◆ Task prompt ◆
Only the lines from the one with "Maglione scollo a barca strass" through the end of the data below belong in the answer, restated word for word, pictures excluded.

◆ Excerpted data ◆
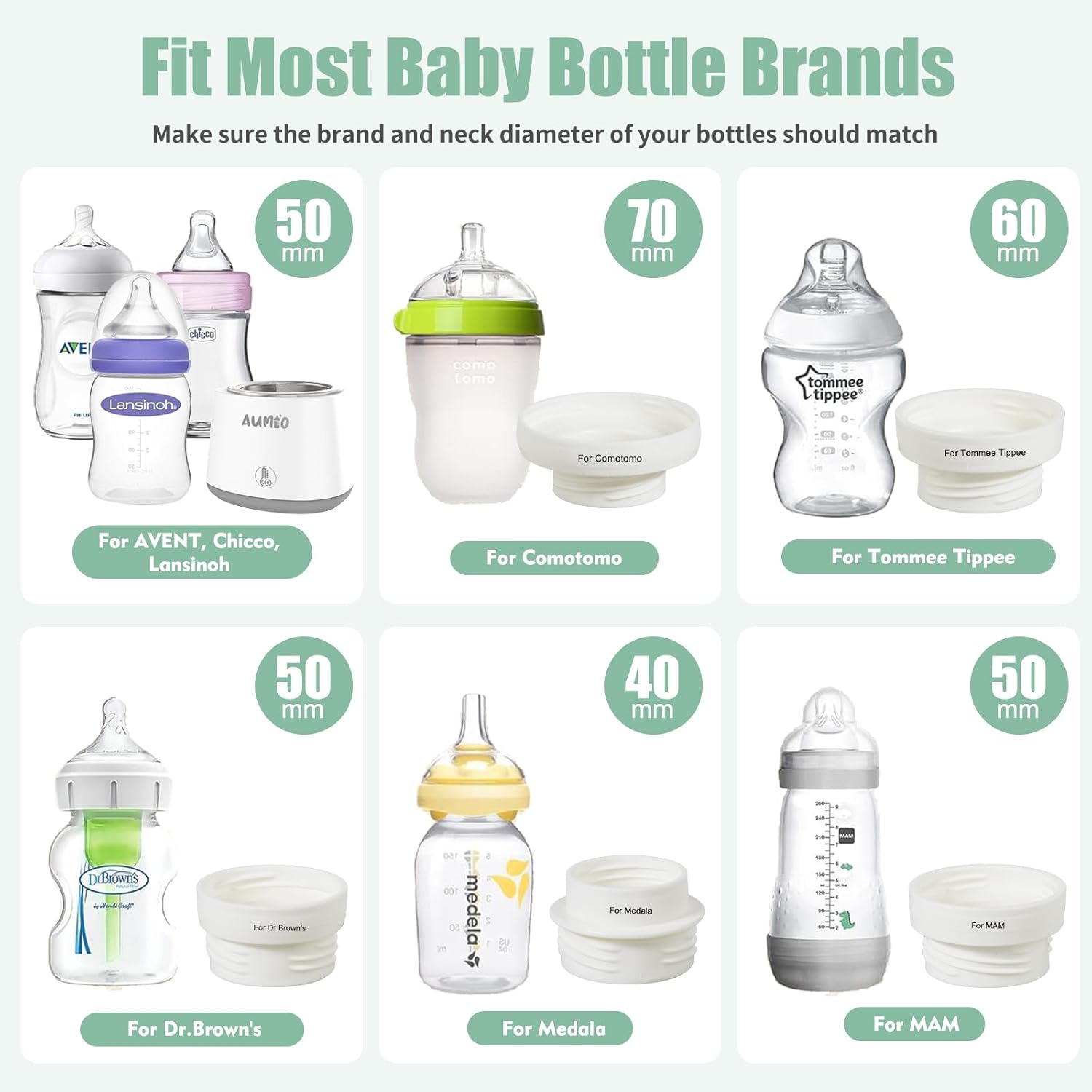 Multi-Brand Compatibility: AUMIO Portable Bottle Warmer comes with 5 adapters and a detachable milk powder container to cater to the needs of various mothers. This baby bottle warmer allows for direct screwing of compatible bottles such as AVENT, Chicco, and Lansinoh 50mm, while additional adapters cover Dr. Brown’s and Medala 40mm, Comotomo and Boon 70mm, MAM/Pigeon (glass) 50mm and Tommee Tippee 60mm, ensuring versatility and convenience.
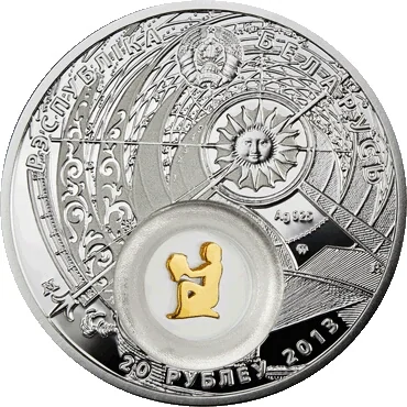 Top: Relief of the State Coat of Arms of Belarus. Center: Engraving fragment from A. Kircher's 'Ars Magna Lucis et Umbrae'. Right: Alloy standard and Mint of Poland trademark. Circumferential inscriptions: 'THE REPUBLIC OF BELARUS' above; '20 RUBLES' and year below.
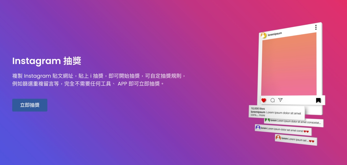 其它還有 Instagram 抽獎,只要貼文是公開的就能使用,沒有其它的限制存在。
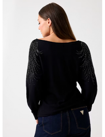 Maglione scollo a barca strass
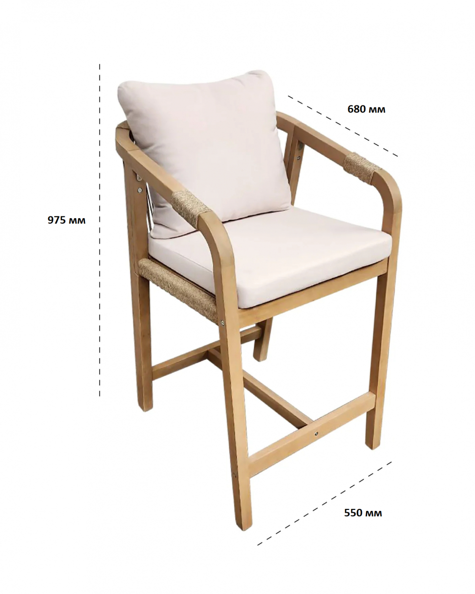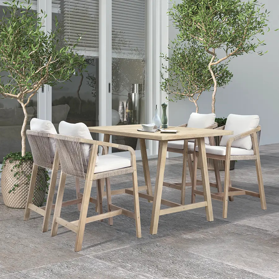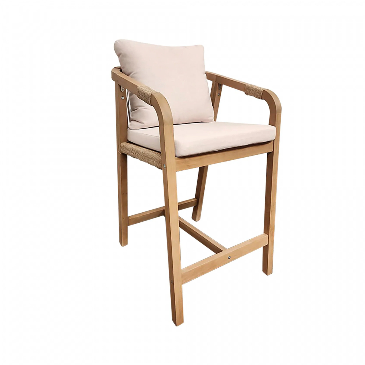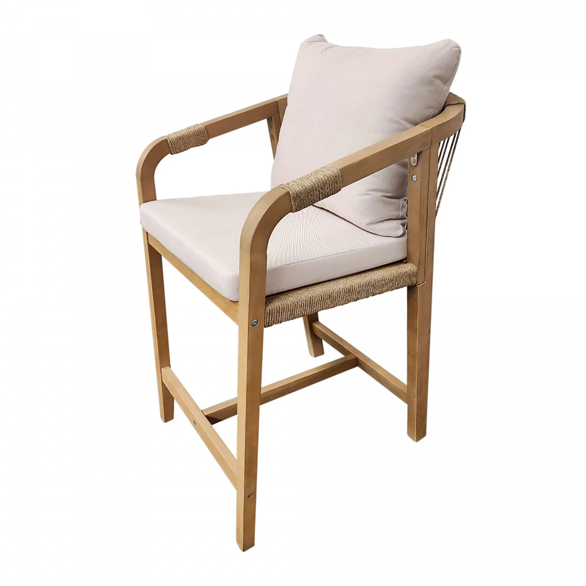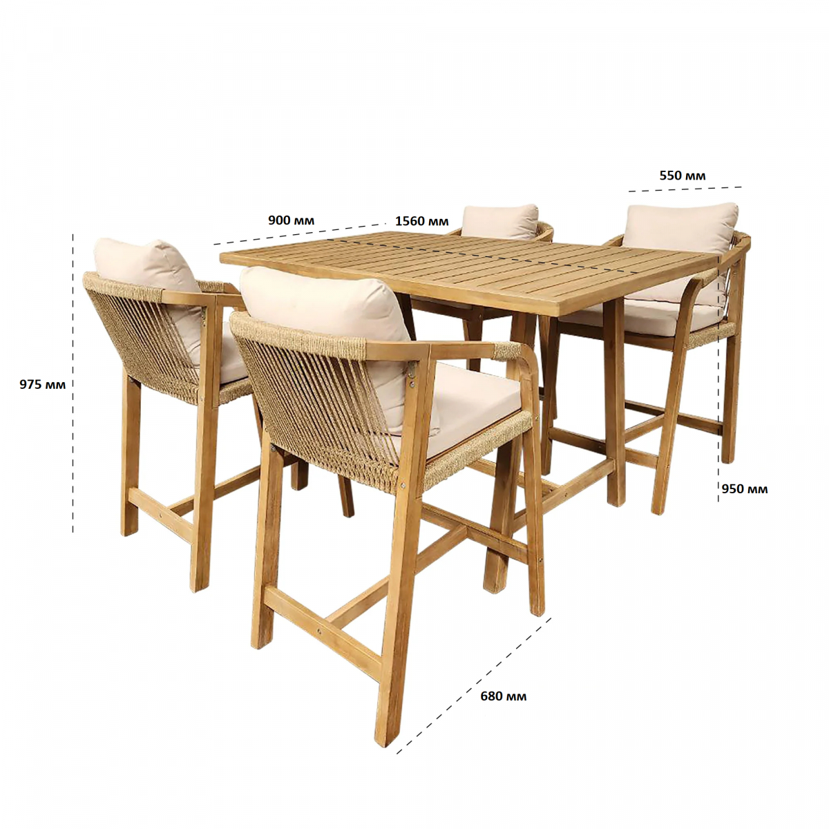 Барная группа Rimini, рассчитанная на 4 персоны, - это садовая мебель из АКАЦИИ в современном стиле. Дизайнерские формы мебели из этой коллекции создадут стильный и узнаваемый облик зоны отдыха на вашей веранде. Rimini - это современная коллекция садовой мебели, выполненная в комбинации натурального веревочного плетения роуп, акации и бежевых подушек. Цвет натуральной твердой древесины представляет собой натуральный цвет с мелкой текстурой, придающий древесине приятный теплый вид. Rimini - это стиль и элегантность на Вашей веранде.

◆ Response ◆
 Maglione scollo a barca strass
 Барная группа Rimini, рассчитанная на 4 персоны, - это садовая мебель из АКАЦИИ в современном стиле. Дизайнерские формы мебели из этой коллекции создадут стильный и узнаваемый облик зоны отдыха на вашей веранде. Rimini - это современная коллекция садовой мебели, выполненная в комбинации натурального веревочного плетения роуп, акации и бежевых подушек. Цвет натуральной твердой древесины представляет собой натуральный цвет с мелкой текстурой, придающий древесине приятный теплый вид. Rimini - это стиль и элегантность на Вашей веранде.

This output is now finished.